Frequent AI users earn more
Social data cited this week notes developers who regularly use AI tools report about 28% higher earnings, reinforcing claims that tool fluency is translating directly into pay. That figure is appearing across employer notes and talent-market chatter. (x.com)
Northern Kentucky University commissioned a questionnaire of 1,000 U.S. respondents (700 employed adults and 300 current students) and reported frequent-AI users averaged $67,525 in annual pay versus $52,681 for non‑users, while 51% of frequent users said their job performance improved in the past year compared with 25% of non‑users.
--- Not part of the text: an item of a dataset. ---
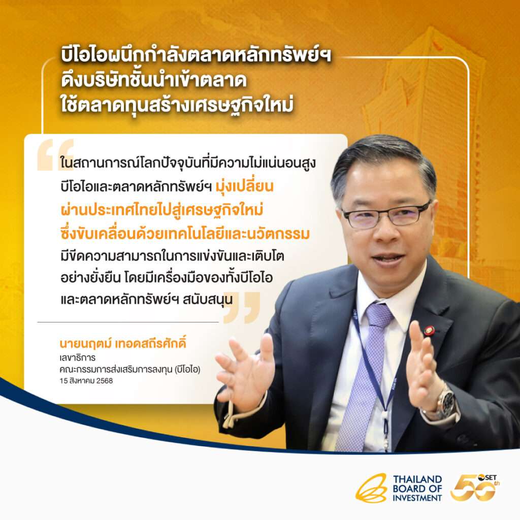 กรุงเทพฯ, วันที่ 19 ส.ค. – นายนฤตม์ เทอดสถีรศักดิ์ เลขาธิการคณะกรรมการส่งเสริมการลงทุน (บีโอไอ) เปิดเผยว่า เมื่อวันที่ 15 ที่ผ่านมา บีโอไอ ได้หารือร่วมกับ นายอัสสเดช คงสิริ กรรมการและผู้จัดการ และคณะผู้บริหารตลาดหลักทรัพย์แห่งประเทศไทย (ตลท.) เพื่อพัฒนาความร่วมมือระหว่างสองหน่วยงานในการเปลี่ยนผ่านประเทศไทยไปสู่เศรษฐกิจใหม่ ซึ่งขับเคลื่อนด้วยเทคโนโลยีและนวัตกรรม มีขีดความสามารถในการแข่งขัน และเติบโตอย่างยั่งยืน ผ่านการใช้เครื่องมือของทั้งบีโอไอและตลาดหลักทรัพย์ ในการผลักดัน 2 เรื่องสำคัญ คือ 1) การดึงบริษัทชั้นนำจากต่างประเทศที่เข้ามาตั้งฐานธุรกิจในประเทศไทยและได้รับการส่งเสริมการลงทุนจากบีโอไอในอุตสาหกรรมเทคโนโลยีขั้นสูง ให้เข้ามาจดทะเบียนในตลาดหลักทรัพย์ และ 2) การสนับสนุนให้บริษัทที่จดทะเบียนในตลาดหลักทรัพย์อยู่แล้ว มีการลงทุนเพื่อเพิ่มมูลค่า ยกระดับประสิทธิภาพการผลิต และสร้างการเติบโตอย่างยั่งยืนผ่านการให้สิทธิประโยชน์จากทั้งสองหน่วยงาน

Labour‑market analytics firm Lightcast analyzed more than 1.3 billion job postings and found listings that mention AI skills advertised nearly $18,000 more per year on average, noting that 51% of AI‑skill postings in 2024 were outside IT and generative‑AI roles outside tech grew roughly 800% since 2022. Stack Overflow’s annual surveys drew large developer samples — the 2024 survey had over 65,000 respondents — and industry polls in 2023–24 consistently showed roughly seven in 10 developers using or planning to use AI coding assistants such as ChatGPT and GitHub Copilot. Company‑level compensation trackers show a smaller, role‑level AI premium than some headline reports: Levels.fyi’s Q1 2024 analysis measured mid‑single‑digit to low‑double‑digit pay differences by level (entry‑level AI vs non‑AI differences around 8.6% and engineer‑level gaps roughly 10–11% in sampled companies). Recruiting and HR metrics confirm employer demand and adoption: SHRM’s 2025 Talent Trends found 43% of organizations use AI for HR tasks (up from 26% in 2024) and that two‑thirds of HR teams using AI apply it to generate job descriptions, while Resume Genius’s 2025 survey of 1,000 hiring managers reported about eight in 10 prioritize AI‑related skills when hiring. The apparent discrepancy between dollar‑figure and percentage headlines traces to methodology: NKU’s 1,000‑person questionnaire and Lightcast’s 1.3‑billion‑posting analysis measure different populations and outcomes, and granular datasets (job‑level or company‑level pay from sources like Levels.fyi) generally show smaller premiums than broad job‑posting aggregates.